Investigating CSS Classname minification

I saw a twitter conversation today making reference to performance savings based on minifying classnames, like what Google's GWT does.

I reckoned that the number of bytes saved would be negligble and thus this technique is not worth the hassle of implementing.

I should probably put that claim to the test...

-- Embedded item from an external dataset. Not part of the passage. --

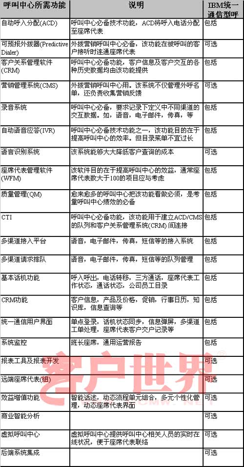 對于統(tǒng)一通信型呼叫中心的功能概況,筆者以IBM統(tǒng)一通信型呼叫中心提供的功能為例,供企業(yè)客戶及合作伙伴參考(見表二)。

http://www.bbc.co.uk/bbcone/programmes/schedules/london is the schedule for what's on BBC One today (well I do work for bbc.co.uk/programmes after all). Its HTML is 22191 bytes GZipped and it contains 275 distinct classnames over 1496 elements (see Note 1). So about half the distinct classnames and total elements that the Gmail's inbox view has.

Replacing all instances that match the regex /class="[^"]*"/ with class="" (i.e. stripping out all classnames) is a super-favourable-case scenario so this is an optimistic comparison as when minifying your classnames you'll be replacing them with a 1-3 character name, not removing them entirely. After stripping all classnames the HTML is 20130 bytes GZipped.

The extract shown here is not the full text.